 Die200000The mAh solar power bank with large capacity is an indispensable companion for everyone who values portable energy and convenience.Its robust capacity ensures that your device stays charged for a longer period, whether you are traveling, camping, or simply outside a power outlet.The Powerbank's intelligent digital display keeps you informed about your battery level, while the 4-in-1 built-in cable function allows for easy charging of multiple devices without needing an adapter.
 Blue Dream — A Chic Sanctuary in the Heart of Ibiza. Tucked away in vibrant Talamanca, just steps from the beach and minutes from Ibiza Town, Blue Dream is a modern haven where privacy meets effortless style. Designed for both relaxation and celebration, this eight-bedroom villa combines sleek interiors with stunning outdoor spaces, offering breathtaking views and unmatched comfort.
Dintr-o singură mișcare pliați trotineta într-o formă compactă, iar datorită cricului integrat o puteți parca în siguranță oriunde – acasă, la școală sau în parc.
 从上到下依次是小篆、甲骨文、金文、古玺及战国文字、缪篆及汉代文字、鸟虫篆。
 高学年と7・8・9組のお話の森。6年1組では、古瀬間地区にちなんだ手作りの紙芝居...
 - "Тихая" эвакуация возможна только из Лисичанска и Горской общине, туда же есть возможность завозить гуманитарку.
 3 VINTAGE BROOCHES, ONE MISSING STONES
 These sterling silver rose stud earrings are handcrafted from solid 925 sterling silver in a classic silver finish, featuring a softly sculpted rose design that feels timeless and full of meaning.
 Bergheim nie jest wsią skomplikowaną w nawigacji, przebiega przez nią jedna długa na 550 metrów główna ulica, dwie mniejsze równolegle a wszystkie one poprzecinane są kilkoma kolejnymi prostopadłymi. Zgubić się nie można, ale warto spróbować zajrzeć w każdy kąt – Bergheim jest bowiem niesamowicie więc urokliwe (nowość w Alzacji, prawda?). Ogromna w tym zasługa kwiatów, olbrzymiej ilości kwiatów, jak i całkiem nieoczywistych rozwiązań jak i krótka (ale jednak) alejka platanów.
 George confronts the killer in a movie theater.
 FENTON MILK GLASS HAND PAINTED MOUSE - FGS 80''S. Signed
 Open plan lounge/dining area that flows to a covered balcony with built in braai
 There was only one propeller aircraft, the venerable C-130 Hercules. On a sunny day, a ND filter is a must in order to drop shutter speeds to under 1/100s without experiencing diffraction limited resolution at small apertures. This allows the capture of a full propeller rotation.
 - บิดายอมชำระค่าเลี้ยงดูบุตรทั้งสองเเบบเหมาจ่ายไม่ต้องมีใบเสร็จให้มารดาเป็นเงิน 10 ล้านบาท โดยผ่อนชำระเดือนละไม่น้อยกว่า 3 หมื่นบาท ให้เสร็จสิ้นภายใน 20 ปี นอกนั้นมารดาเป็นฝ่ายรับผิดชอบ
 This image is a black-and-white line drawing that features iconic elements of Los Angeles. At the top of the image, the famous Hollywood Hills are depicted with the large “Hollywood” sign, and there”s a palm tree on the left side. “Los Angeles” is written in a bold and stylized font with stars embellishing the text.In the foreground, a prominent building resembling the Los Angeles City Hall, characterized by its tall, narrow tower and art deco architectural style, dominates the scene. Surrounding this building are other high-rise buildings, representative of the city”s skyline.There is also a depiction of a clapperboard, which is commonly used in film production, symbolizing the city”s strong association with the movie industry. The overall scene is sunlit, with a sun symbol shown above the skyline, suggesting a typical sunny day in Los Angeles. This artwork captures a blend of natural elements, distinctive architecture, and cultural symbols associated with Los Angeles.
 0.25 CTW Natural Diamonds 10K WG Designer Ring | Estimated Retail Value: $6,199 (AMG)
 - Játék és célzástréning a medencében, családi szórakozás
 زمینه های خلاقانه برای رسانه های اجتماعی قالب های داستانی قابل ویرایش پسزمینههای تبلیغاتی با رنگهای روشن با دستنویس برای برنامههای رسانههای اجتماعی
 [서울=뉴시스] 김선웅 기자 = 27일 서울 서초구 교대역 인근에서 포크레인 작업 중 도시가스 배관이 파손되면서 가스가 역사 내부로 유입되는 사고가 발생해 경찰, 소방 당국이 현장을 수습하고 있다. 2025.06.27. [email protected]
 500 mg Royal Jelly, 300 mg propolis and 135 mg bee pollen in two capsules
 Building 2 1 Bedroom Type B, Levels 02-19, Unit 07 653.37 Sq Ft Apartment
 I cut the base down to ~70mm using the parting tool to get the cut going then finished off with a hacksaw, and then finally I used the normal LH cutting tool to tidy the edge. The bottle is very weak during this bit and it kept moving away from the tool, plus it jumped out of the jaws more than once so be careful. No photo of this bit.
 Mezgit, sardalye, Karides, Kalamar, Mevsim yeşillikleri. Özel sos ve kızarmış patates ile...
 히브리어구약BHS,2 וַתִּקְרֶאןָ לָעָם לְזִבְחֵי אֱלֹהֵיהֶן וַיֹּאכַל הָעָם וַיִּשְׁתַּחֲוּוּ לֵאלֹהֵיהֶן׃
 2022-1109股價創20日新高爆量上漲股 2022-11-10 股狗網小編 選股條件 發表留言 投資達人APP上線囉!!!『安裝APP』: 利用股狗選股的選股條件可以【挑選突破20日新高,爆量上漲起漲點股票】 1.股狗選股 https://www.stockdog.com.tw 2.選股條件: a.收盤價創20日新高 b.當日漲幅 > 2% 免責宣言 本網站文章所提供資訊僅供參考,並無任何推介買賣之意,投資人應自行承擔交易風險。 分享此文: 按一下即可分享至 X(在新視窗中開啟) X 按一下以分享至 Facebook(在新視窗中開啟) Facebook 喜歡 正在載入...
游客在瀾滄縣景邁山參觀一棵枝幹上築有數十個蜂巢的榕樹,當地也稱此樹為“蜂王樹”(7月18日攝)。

» Work task
Repeat every record above precisely.

» Solution
 Die200000The mAh solar power bank with large capacity is an indispensable companion for everyone who values portable energy and convenience.Its robust capacity ensures that your device stays charged for a longer period, whether you are traveling, camping, or simply outside a power outlet.The Powerbank's intelligent digital display keeps you informed about your battery level, while the 4-in-1 built-in cable function allows for easy charging of multiple devices without needing an adapter.
 Blue Dream — A Chic Sanctuary in the Heart of Ibiza. Tucked away in vibrant Talamanca, just steps from the beach and minutes from Ibiza Town, Blue Dream is a modern haven where privacy meets effortless style. Designed for both relaxation and celebration, this eight-bedroom villa combines sleek interiors with stunning outdoor spaces, offering breathtaking views and unmatched comfort.
Dintr-o singură mișcare pliați trotineta într-o formă compactă, iar datorită cricului integrat o puteți parca în siguranță oriunde – acasă, la școală sau în parc.
 从上到下依次是小篆、甲骨文、金文、古玺及战国文字、缪篆及汉代文字、鸟虫篆。
 高学年と7・8・9組のお話の森。6年1組では、古瀬間地区にちなんだ手作りの紙芝居...
 - "Тихая" эвакуация возможна только из Лисичанска и Горской общине, туда же есть возможность завозить гуманитарку.
 3 VINTAGE BROOCHES, ONE MISSING STONES
 These sterling silver rose stud earrings are handcrafted from solid 925 sterling silver in a classic silver finish, featuring a softly sculpted rose design that feels timeless and full of meaning.
 Bergheim nie jest wsią skomplikowaną w nawigacji, przebiega przez nią jedna długa na 550 metrów główna ulica, dwie mniejsze równolegle a wszystkie one poprzecinane są kilkoma kolejnymi prostopadłymi. Zgubić się nie można, ale warto spróbować zajrzeć w każdy kąt – Bergheim jest bowiem niesamowicie więc urokliwe (nowość w Alzacji, prawda?). Ogromna w tym zasługa kwiatów, olbrzymiej ilości kwiatów, jak i całkiem nieoczywistych rozwiązań jak i krótka (ale jednak) alejka platanów.
 George confronts the killer in a movie theater.
 FENTON MILK GLASS HAND PAINTED MOUSE - FGS 80''S. Signed
 Open plan lounge/dining area that flows to a covered balcony with built in braai
 There was only one propeller aircraft, the venerable C-130 Hercules. On a sunny day, a ND filter is a must in order to drop shutter speeds to under 1/100s without experiencing diffraction limited resolution at small apertures. This allows the capture of a full propeller rotation.
 - บิดายอมชำระค่าเลี้ยงดูบุตรทั้งสองเเบบเหมาจ่ายไม่ต้องมีใบเสร็จให้มารดาเป็นเงิน 10 ล้านบาท โดยผ่อนชำระเดือนละไม่น้อยกว่า 3 หมื่นบาท ให้เสร็จสิ้นภายใน 20 ปี นอกนั้นมารดาเป็นฝ่ายรับผิดชอบ
 This image is a black-and-white line drawing that features iconic elements of Los Angeles. At the top of the image, the famous Hollywood Hills are depicted with the large “Hollywood” sign, and there”s a palm tree on the left side. “Los Angeles” is written in a bold and stylized font with stars embellishing the text.In the foreground, a prominent building resembling the Los Angeles City Hall, characterized by its tall, narrow tower and art deco architectural style, dominates the scene. Surrounding this building are other high-rise buildings, representative of the city”s skyline.There is also a depiction of a clapperboard, which is commonly used in film production, symbolizing the city”s strong association with the movie industry. The overall scene is sunlit, with a sun symbol shown above the skyline, suggesting a typical sunny day in Los Angeles. This artwork captures a blend of natural elements, distinctive architecture, and cultural symbols associated with Los Angeles.
 0.25 CTW Natural Diamonds 10K WG Designer Ring | Estimated Retail Value: $6,199 (AMG)
 - Játék és célzástréning a medencében, családi szórakozás
 زمینه های خلاقانه برای رسانه های اجتماعی قالب های داستانی قابل ویرایش پسزمینههای تبلیغاتی با رنگهای روشن با دستنویس برای برنامههای رسانههای اجتماعی
 [서울=뉴시스] 김선웅 기자 = 27일 서울 서초구 교대역 인근에서 포크레인 작업 중 도시가스 배관이 파손되면서 가스가 역사 내부로 유입되는 사고가 발생해 경찰, 소방 당국이 현장을 수습하고 있다. 2025.06.27. [email protected]
 500 mg Royal Jelly, 300 mg propolis and 135 mg bee pollen in two capsules
 Building 2 1 Bedroom Type B, Levels 02-19, Unit 07 653.37 Sq Ft Apartment
 I cut the base down to ~70mm using the parting tool to get the cut going then finished off with a hacksaw, and then finally I used the normal LH cutting tool to tidy the edge. The bottle is very weak during this bit and it kept moving away from the tool, plus it jumped out of the jaws more than once so be careful. No photo of this bit.
 Mezgit, sardalye, Karides, Kalamar, Mevsim yeşillikleri. Özel sos ve kızarmış patates ile...
 히브리어구약BHS,2 וַתִּקְרֶאןָ לָעָם לְזִבְחֵי אֱלֹהֵיהֶן וַיֹּאכַל הָעָם וַיִּשְׁתַּחֲוּוּ לֵאלֹהֵיהֶן׃
 2022-1109股價創20日新高爆量上漲股 2022-11-10 股狗網小編 選股條件 發表留言 投資達人APP上線囉!!!『安裝APP』: 利用股狗選股的選股條件可以【挑選突破20日新高,爆量上漲起漲點股票】 1.股狗選股 https://www.stockdog.com.tw 2.選股條件: a.收盤價創20日新高 b.當日漲幅 > 2% 免責宣言 本網站文章所提供資訊僅供參考,並無任何推介買賣之意,投資人應自行承擔交易風險。 分享此文: 按一下即可分享至 X(在新視窗中開啟) X 按一下以分享至 Facebook(在新視窗中開啟) Facebook 喜歡 正在載入...
游客在瀾滄縣景邁山參觀一棵枝幹上築有數十個蜂巢的榕樹,當地也稱此樹為“蜂王樹”(7月18日攝)。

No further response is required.